Les intimés exposent essentiellement que :
— depuis l’ordonnance du 17 février 2005 codifiée par la loi 2006-406 du 5 avril 2006, l’article L. 213-1 du code rural applicable à la date du contrat prévoit qu’outre la garantie des vices rédhibitoires pour des maladies spécifiques, l’acquéreur peut se prévaloir de la garantie de conformité prévue par les articles 217-1 et suivant du code de la consommation et que seule est exclue la garantie des vices cachés.
— il en résulte que la demande de M. et Mme [Y] [J] fondée sur la garantie de conformité est parfaitement recevable.
— au vu des certificats des principaux vétérinaires qui ont suivi le chiot, le Docteur [N], dans un premier temps, et le Docteur [I], dans un second temps, il est établi que le chien a présenté dès sa prise de possession, le 14 novembre 2018, des symptômes, à savoir des diarrhées, des troubles digestifs, laissant suspecter qu’il était affecté de la gardia, un parasite résistant aux traitements et provoquant une giardiose chronique, diagnostic confirmé après analyses.

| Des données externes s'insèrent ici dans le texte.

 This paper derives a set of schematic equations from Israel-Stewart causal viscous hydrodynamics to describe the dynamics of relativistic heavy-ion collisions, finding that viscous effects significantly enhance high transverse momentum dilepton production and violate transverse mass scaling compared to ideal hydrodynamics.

— les époux [J] rapportent la preuve de l’existence d’un défaut de conformité du chiot, objet de la vente du 12 novembre 2018, qui le rend non conforme à ce qu’ils pouvaient attendre, en ce qui concerne l’élément essentiel du bien acheté, à savoir, le fait que ce chiot soit en bonne santé.

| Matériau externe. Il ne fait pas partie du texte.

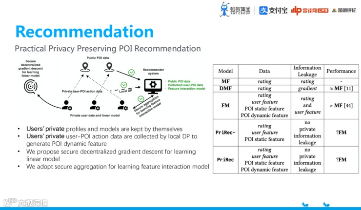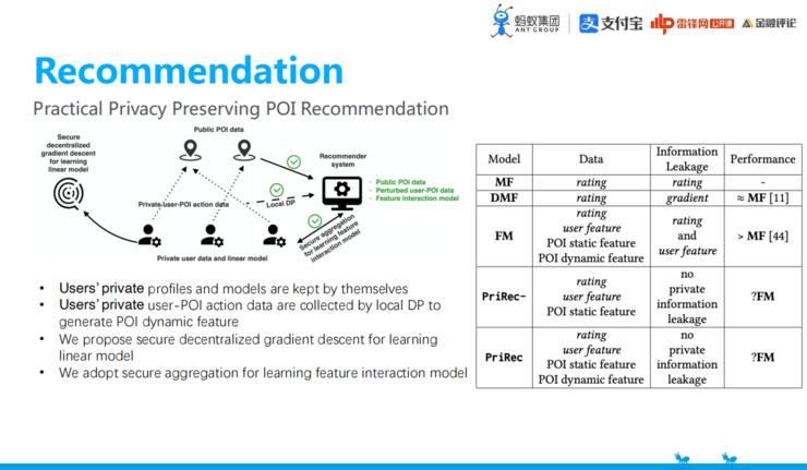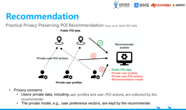 原来的做法,不论是非常详细的profile数据,还是一些用户跟POI的交互数据,用户的所有相关数据都要被推荐系统所收集。一些隐私模型,比如用户偏好也都是被推荐系统所保留。所以推荐系统有很大的机会窥探到用户相关隐私。

Ils forment appel incident relativement au préjudice résultant du coût du traitement à vie du chien, qu’ils évaluent à 6 000 euros. Ils demandent une diminution du prix à 800 euros et l’indemnisation de leur préjudice moral outre le remboursement des frais vétérinaires de 697,01 euros.
Ils considèrent qu’ils ont subi un préjudice particulier du fait de la mauvaise foi du vendeur et sollicitent une indemnisation de ce chef à hauteur de 1 000 euros.

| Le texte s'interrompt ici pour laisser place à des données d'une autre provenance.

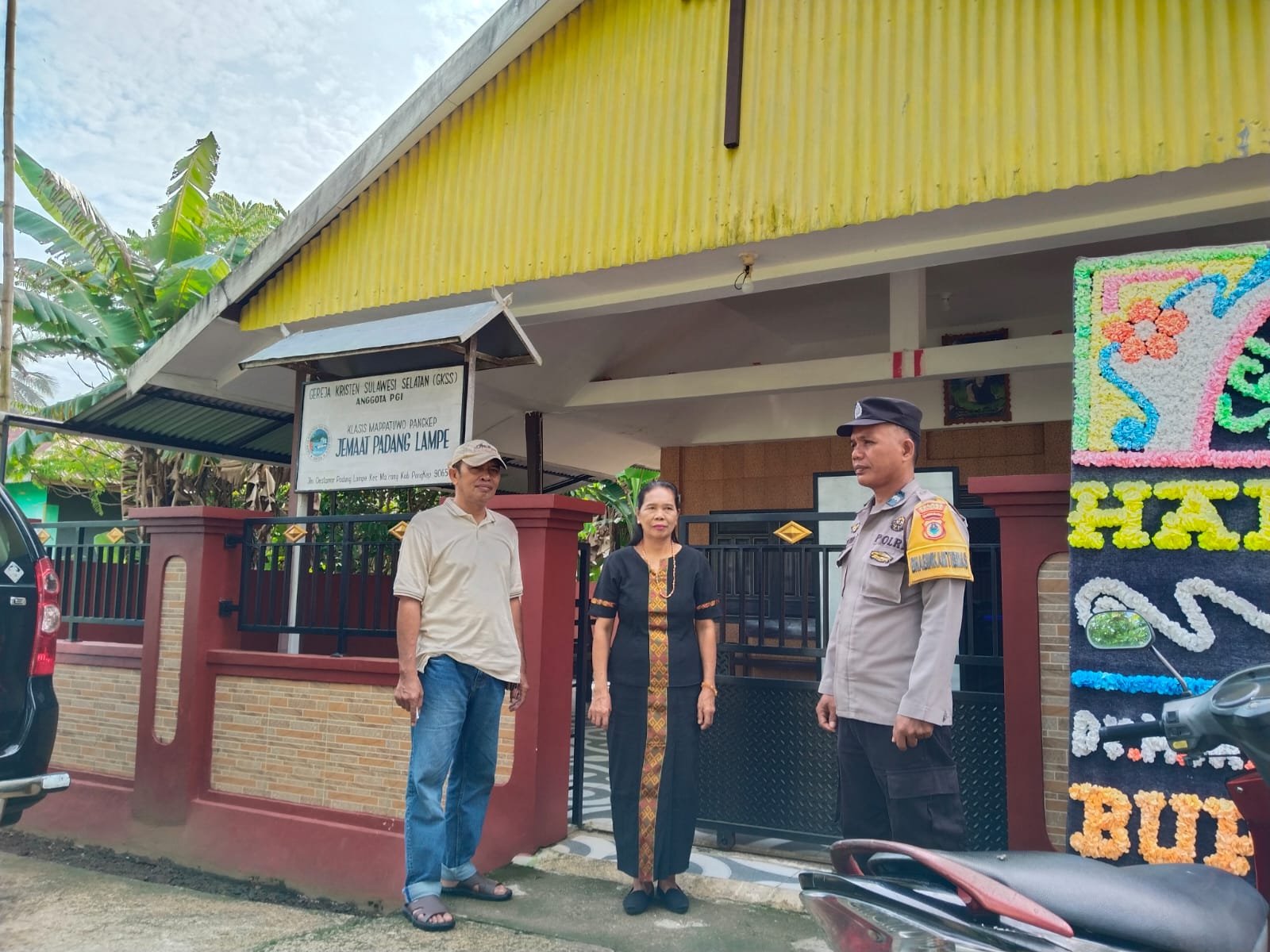 Pengamanan tersebut dipimpin oleh Kanit Intelkam Aiptu Zainuddin, SH bersama Bhabinkamtibmas Ipda H. Abdul Rasid guna memastikan kegiatan ibadah umat Kristiani berjalan dengan aman, tertib, dan lancar.

La clôture de la procédure est intervenue le 3 octobre 2023
MOTIVATION
Il ne sera pas statué sur les demandes de «'juger'», lesquelles ne constituent pas des prétentions mais des moyens et ne saisissent la cour d’aucune demande.
Sur les textes applicables et le fondement juridique de l’action des époux [J] :
L’article L.213-1 du code rural et de la pêche maritime applicable au litige, dans sa version en vigueur du 1er octobre 2016 au 1er octobre 2021 dispose que :
« L’action en garantie, dans les ventes ou échanges d’animaux domestiques est régie, à défaut de conventions contraires, par les dispositions de la présente section, sans préjudice ni de l’application des articles L. 217-1 à L. 217-6, L. 217-8 à L. 217-15, L. 241-5 et L. 232-2 du code de la consommation ni des dommages et intérêts qui peuvent être dus, s’il y a dol. La présomption prévue à l’article L. 217-7 du même code n’est pas applicable aux ventes ou échanges d’animaux domestiques. »
Il résulte de l’article susvisé que les dispositions qui régissent la garantie légale de conformité sont applicables aux ventes d’animaux conclues entre un vendeur agissant au titre de son activité professionnelle ou commerciale et un acheteur agissant en qualité de consommateur.
Selon les dispositions de l’article L 214-6 du même code dans sa version entrée en vigueur au 1er janvier 2016, on entend par élevage de chiens ou de chats l’activité consistant à détenir au moins une femelle reproductrice dont au moins un chien ou un chat est cédé à titre onéreux.
La qualité d’éleveur de chiens de la Sarl des Côtes Noires n’est pas contestée.
Le chiot a été acquis le 12 novembre 2018 par les époux [J] en tant que particuliers souhaitant acquérir un animal de compagnie et donc à des fins n’entrant pas dans le cadre d’une activité commerciale, industrielle, artisanale, libérale ou agricole, au regard de l’article liminaire du code de la consommation.
L’animal de compagnie s’entendant de tout animal détenu ou destiné à être détenu par l’homme pour son agrément.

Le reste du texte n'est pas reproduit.